Bild: Die Eizelle wird eingefroren und erst wieder aufgetaut, wenn die Frau sic…
Silicon Valley im Jahr 2034. Das Unternehmen Apple, einst für
zukunftsweisendes Design und innovative Ideen bekannt, hat einiges an
Hipness eingebüßt. Anfang vierzigjährige Frauen, die Rücken gebeugt, die
Augen trüb nach zwanzig Jahren vor dem Bildschirm, schieben Buggys über das
Gelände und wirbeln dabei den Staub auf, der dem Ausbau des betriebseigenen
Kindergartens geschuldet ist. Andere sitzen in der Kantine und weinen still
in ihren Smoothie, weil ihnen ihr Arzt gerade eröffnet hat, dass das mit
der künstlichen Befruchtung leider wieder nicht geklappt hat. Nebenan bei
Facebook: dasselbe Bild.
So könnte das aussehen in 20 Jahren. Denn am Mittwoch wurde bekannt, dass
Apple seinen Mitarbeiterinnen einen finanziellen Anreiz bieten will, wenn
sie ihre Eizellen einfrieren lassen und eine Schwangerschaft erstmal
aufschieben. Laut einem NBC-Bericht plant das Unternehmen, bis zu 16.000
Euro zu übernehmen. Eizellen einfrieren zu lassen, kostet bis zu 8.000
Euro, die Lagerung jährlich noch mal rund 400 Euro. Apple will das
iZellen-Projekt laut NBC im Januar starten, bei Facebook bekommen
Mitarbeiterinnen schon jetzt Geld, wenn sie sich fürs Büro und gegen
Familie entscheiden.
Was zunächst aussieht wie ein großzügiger Bonus, zahlt sich natürlich vor
allem für die Unternehmen aus. Sie stellen damit sicher, dass weniger
Mitarbeiterinnen im fruchtbaren Alter schwanger werden und als
Arbeitskräfte ausfallen. Obendrein können sie sich in Zukunft dafür rühmen,
dass sie die Frauenquote steigern, die zum Beispiel bei Facebook aktuell
bei 31 Prozent liegt. Das Wohl der Frauen hingegen scheint den Unternehmen
erstmal egal zu sein. Denn was passiert, wenn die Mitarbeiterinnen ihre
Eizellen wieder auftauen und sich einpflanzen lassen?

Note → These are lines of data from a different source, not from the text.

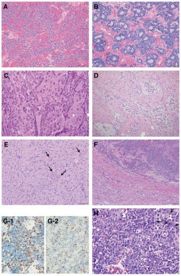 Histologic features of peripheral neuroblastic tumors: (A) neuroblastoma (Schwannian stroma-poor), undifferentiated subtype (original, ×200); (B) neuroblastoma (Schwannian stroma-poor), poorly differentiated subtype (original, ×200); (C) neuroblastoma (Schwannian stroma-poor), differentiating subtype (original, ×200); (D) ganglioneuroblastoma, intermixed (Schwannian stroma-rich) (original, ×100); (E) ganglioneuroma (Schwannian stroma-dominant)—note that completely mature ganglion cells are covered with satellite cells (arrows) (original, ×200); (F) ganglioneuroblastoma, nodular (composite, Schwannian stroma-rich/stroma-dominant and stroma-poor)—note two distinct histologies, i.e., neuroblastoma in the upper half and ganglioneuroma in the lower half in this case (original ×100); (G) Ki-67 immunostaining on two neuroblastomas of poorly differentiated subtype with a low mitosis–karyorrhexis index (original ×400). Note: (G-1) shows biopsy from rapidly enlarging liver of 3-month-old baby (Stage MS case, favorable histology) before starting spontaneous regression; (G-2) shows biopsy from abdominal mass of 5-year-old child (Stage M case, unfavorable histology). The favorable histology tumor contains numerous and more Ki-67 positive nuclei than the unfavorable histology tumor. (H) MYCN oncogene-amplified neuroblastoma demonstrating a characteristic histology of poorly differentiated subtype with a high mitosis–karyorrhexis index (original, ×400). Note: Tumor cells show nucleolar hypertrophy (Inset: prominent nucleoli indicated by arrows).
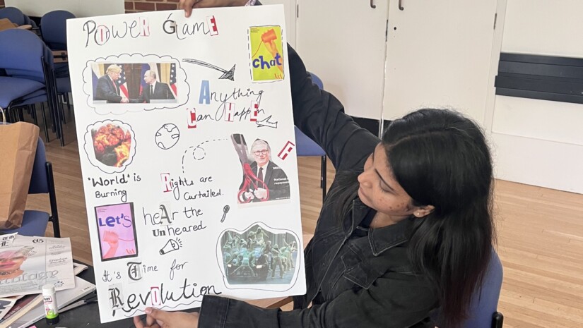 At least 30 minutes were needed before deeper flow began. Reimagination cannot be rushed. Collage was powerful because it slowed people down, encouraged play and pushed their thinking for alternate realities. For many, tearing and reassembling fragments became an act of rebellion – a way to rebuild new stories from broken systems.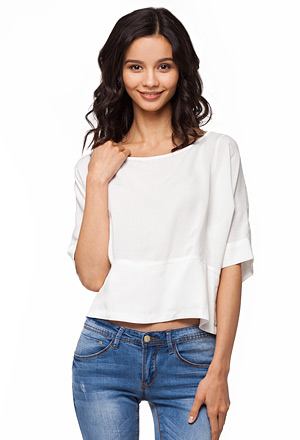 Укороченная блузка из штапельного вискозного полотна с легким эффектом жатости. Изделие приталенного силуэта с отрезным поясом и широким рукавом "летучая мышь". асимметричная спинка с декоративной молнией.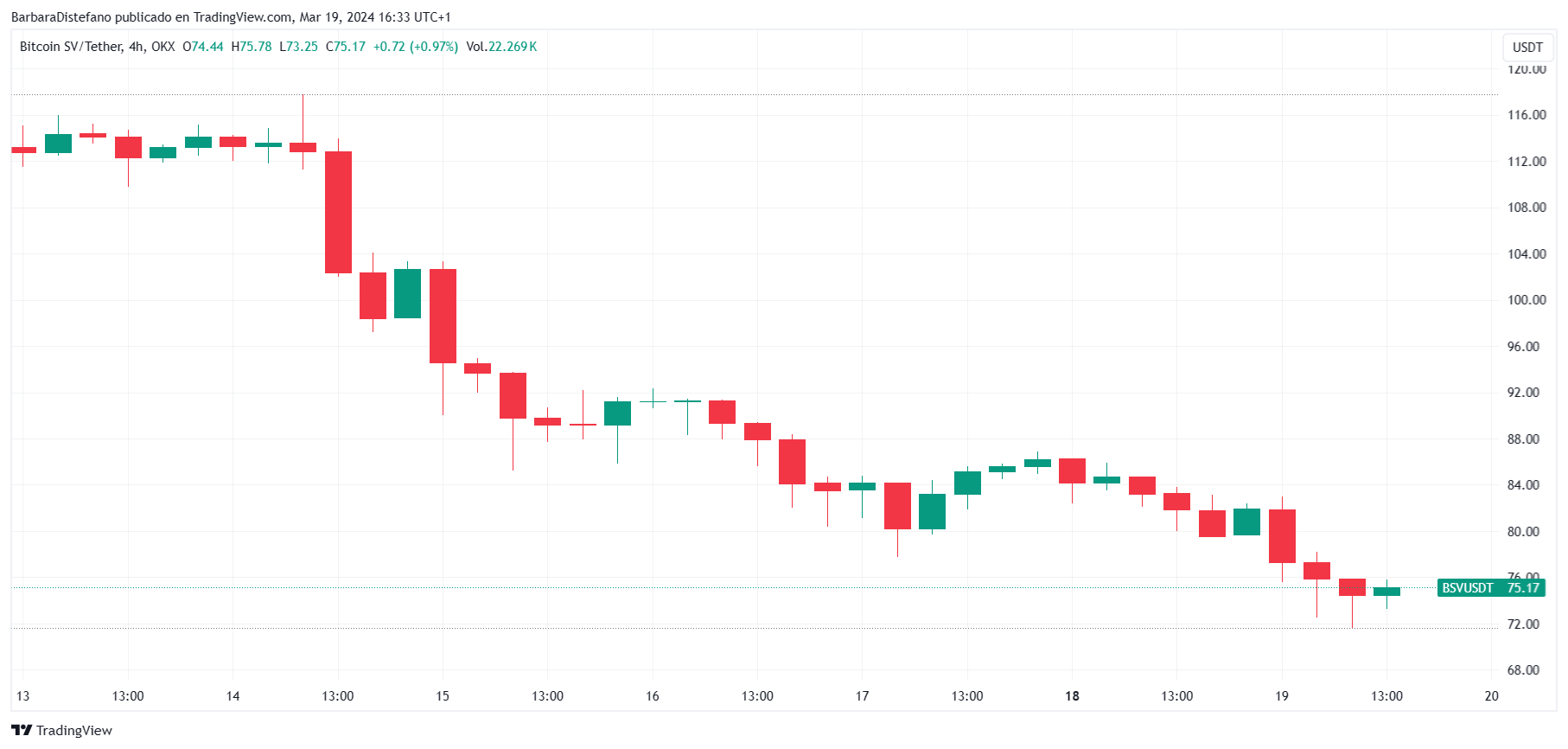 Bitcoin SV (BSV) se acerca a los 70 dólares, con una caída superior al 30% en lo que va del mes.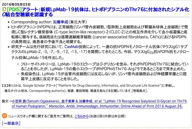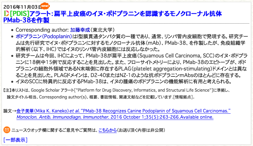 Cornell University College of Veterinary Medicineの研究者から、PMab-38 (anti-canine PDPN mAb)の譲渡依頼がありました。やはり、論文のopen accessをすると、海外からの問い合わせが増えます。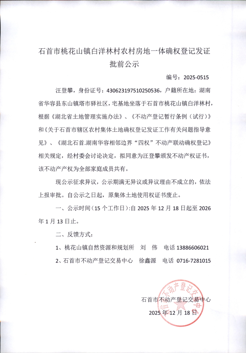 石首市桃花山镇白洋林村农村房地一体确权登记发证(汪登攀)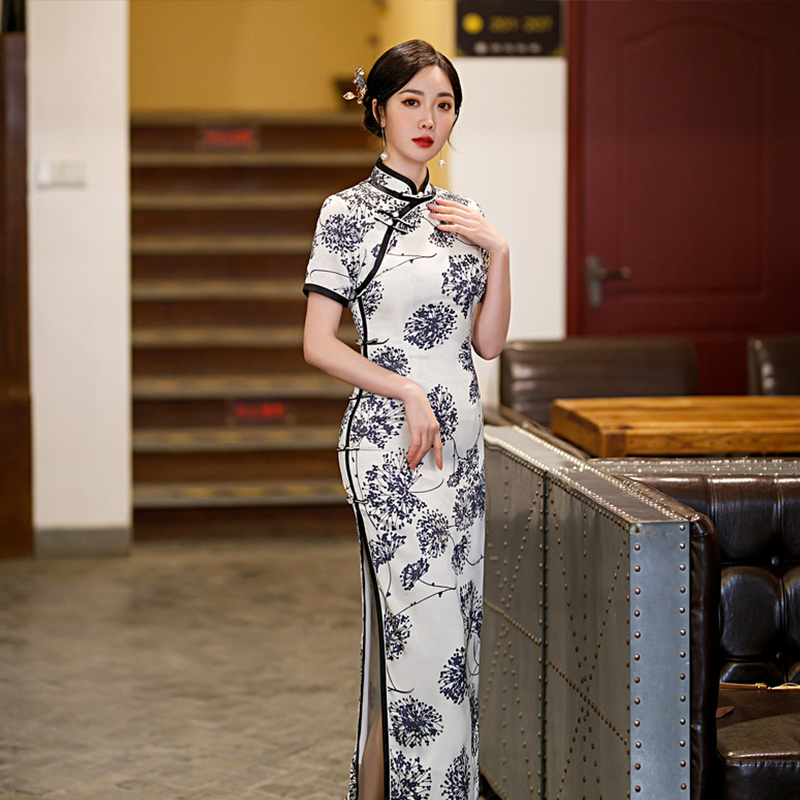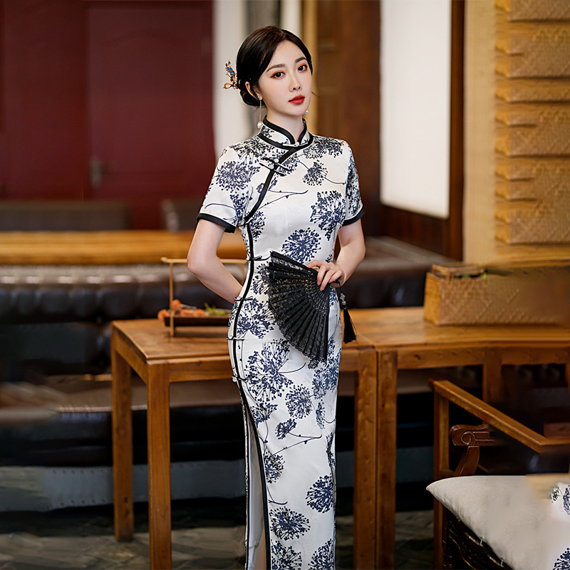 2022春夏改良长款宽边八扣旗袍日常复古修身老上海时尚旗袍 ZA5100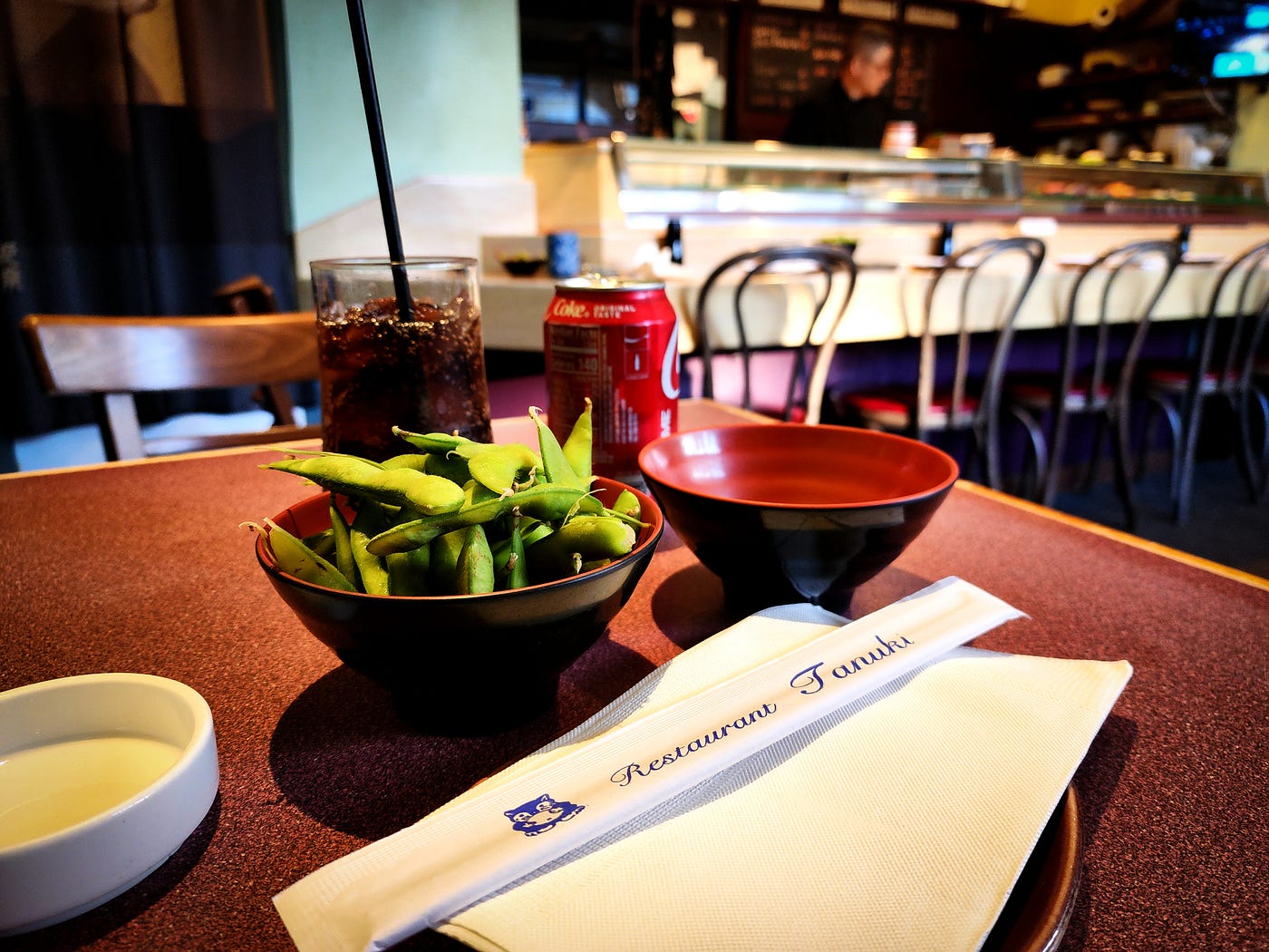 Tanuki helped us achieve harmony, a place we could all find food we liked to eat. Culinary reviewers never seemed to discover the place, which meant we could usually get a table or seats at the bar whenever we walked in with hungry little ones. And so Tanuki became a regular family outing. By dining at an early hour, we often enjoyed the company of other families at nearby tables, all feeling the calming presence that imbued the space and the smiles from happy eaters.

Je nachdem, wie lange sie damit warten und wie alt sie dann sind: Eine
späte Schwangerschaft birgt bekanntlich deutlich mehr Risiken. Außerdem,
und das ist noch viel riskanter: Es gibt keine Garantie, dass die Methode,
mithilfe eingefrorener Eizellen schwanger zu werden, auch bei jeder Frau
funktioniert. Aber keine Sorge: Auch da hat Apple vorgesorgt. Wer kein Kind
bekommen kann, der darf sich eben eins adoptieren – die Firma zahlt.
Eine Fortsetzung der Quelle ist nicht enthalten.